[Dataset records]
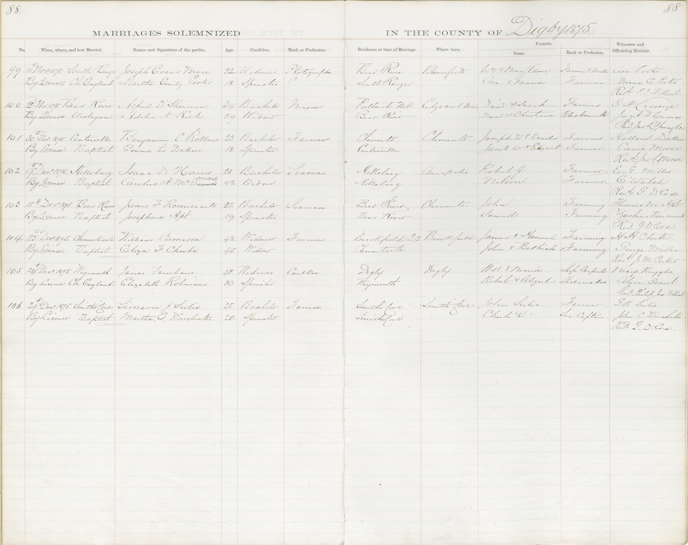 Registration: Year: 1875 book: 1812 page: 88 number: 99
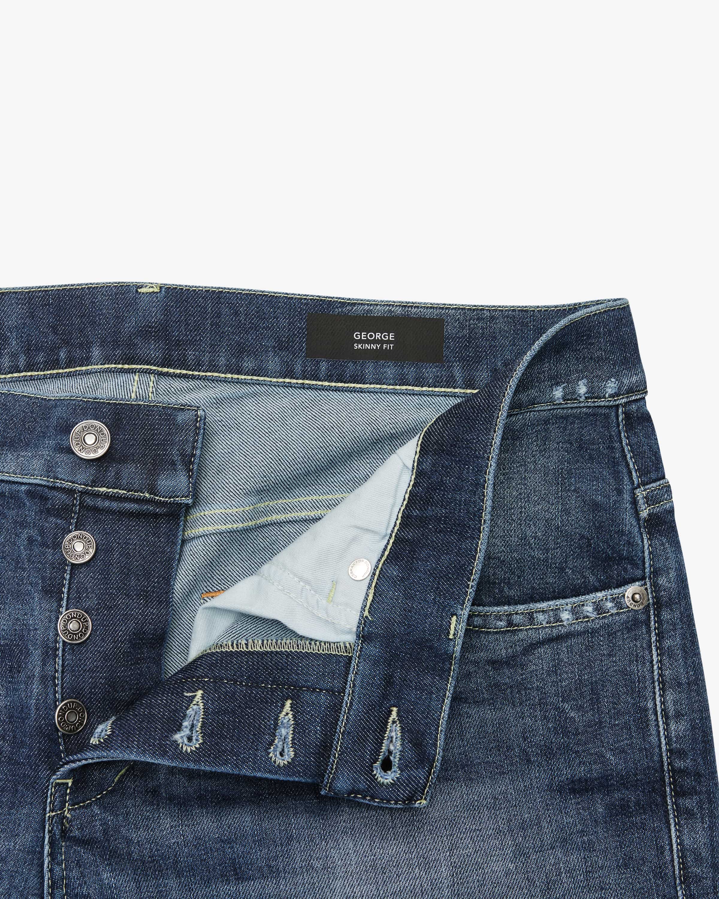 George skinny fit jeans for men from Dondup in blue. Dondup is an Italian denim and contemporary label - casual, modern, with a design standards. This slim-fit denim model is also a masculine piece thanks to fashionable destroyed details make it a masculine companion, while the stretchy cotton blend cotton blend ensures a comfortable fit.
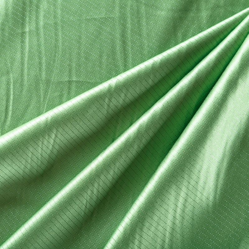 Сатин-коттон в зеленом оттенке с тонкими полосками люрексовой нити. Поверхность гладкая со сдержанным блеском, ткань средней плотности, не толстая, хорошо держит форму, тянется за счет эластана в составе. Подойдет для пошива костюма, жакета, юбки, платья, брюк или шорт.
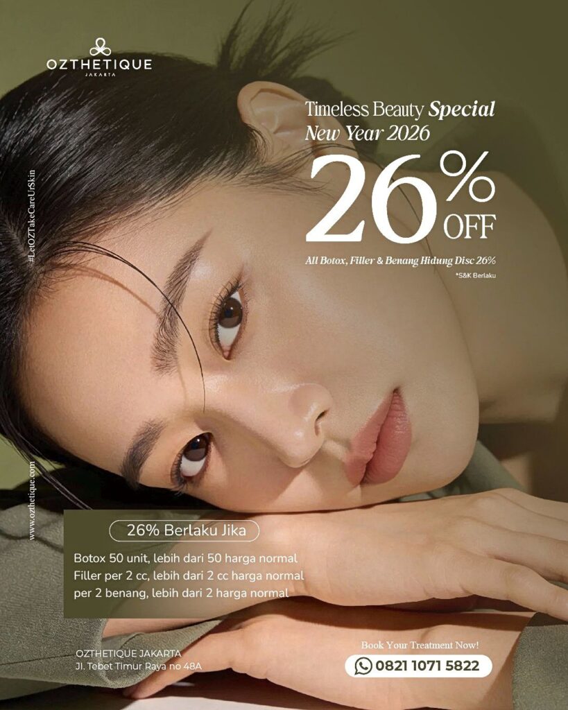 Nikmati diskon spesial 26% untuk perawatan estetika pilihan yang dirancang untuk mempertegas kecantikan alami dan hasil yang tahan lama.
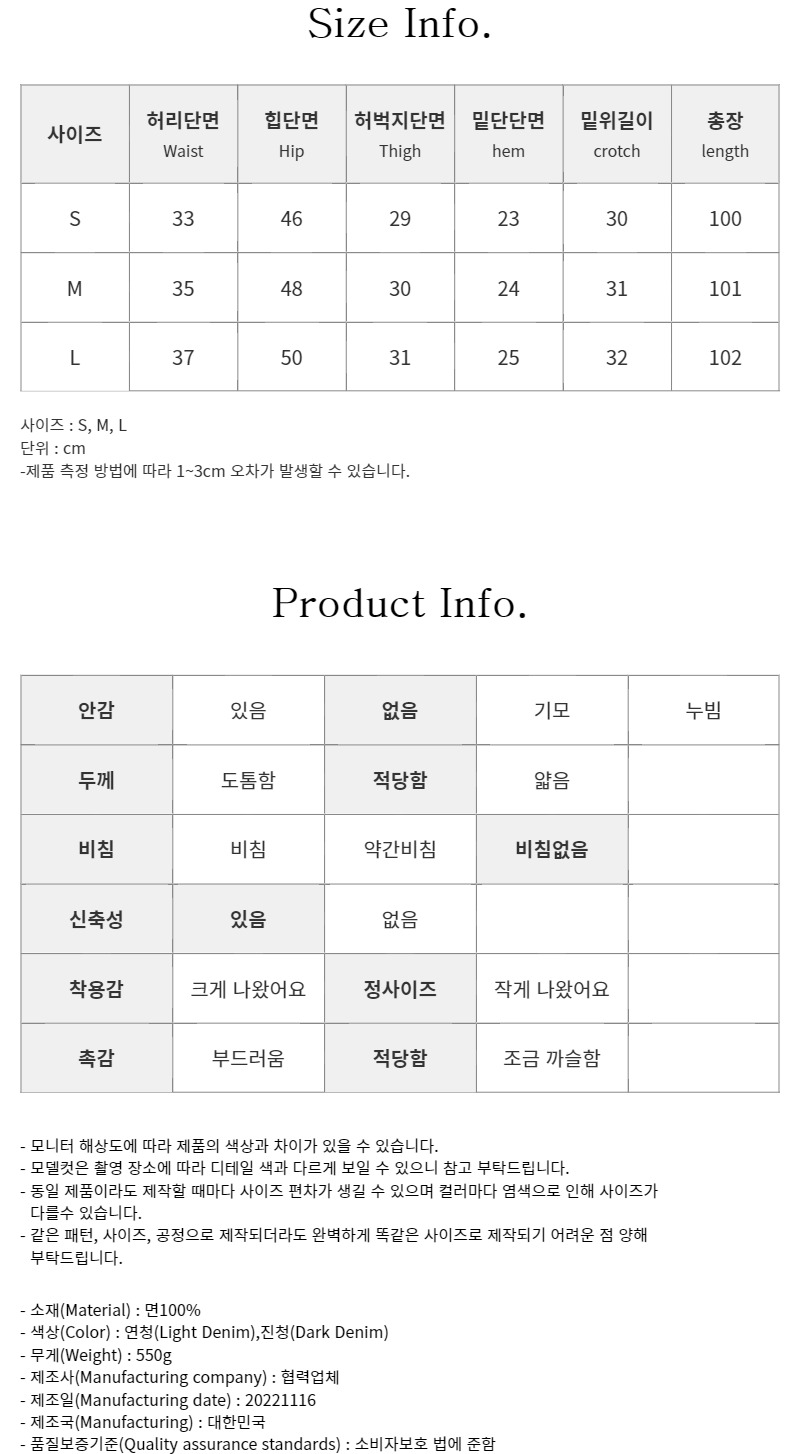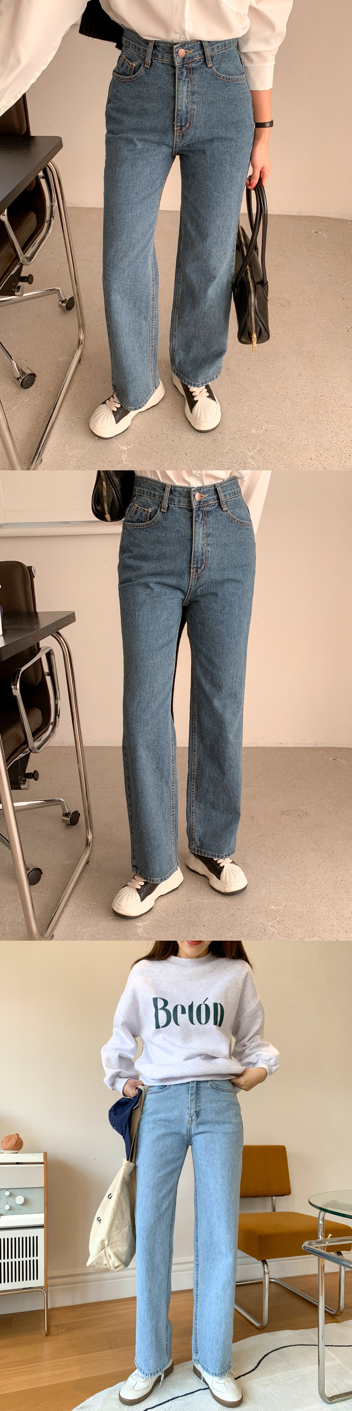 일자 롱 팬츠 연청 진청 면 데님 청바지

▶ [Exercise instructions]
Your task is to write out, exactly and without pictures, only the lines from the one holding "Nikmati diskon spesial" to the last line of the data.

▶ [Solution for this exercise]
 Nikmati diskon spesial 26% untuk perawatan estetika pilihan yang dirancang untuk mempertegas kecantikan alami dan hasil yang tahan lama.
 일자 롱 팬츠 연청 진청 면 데님 청바지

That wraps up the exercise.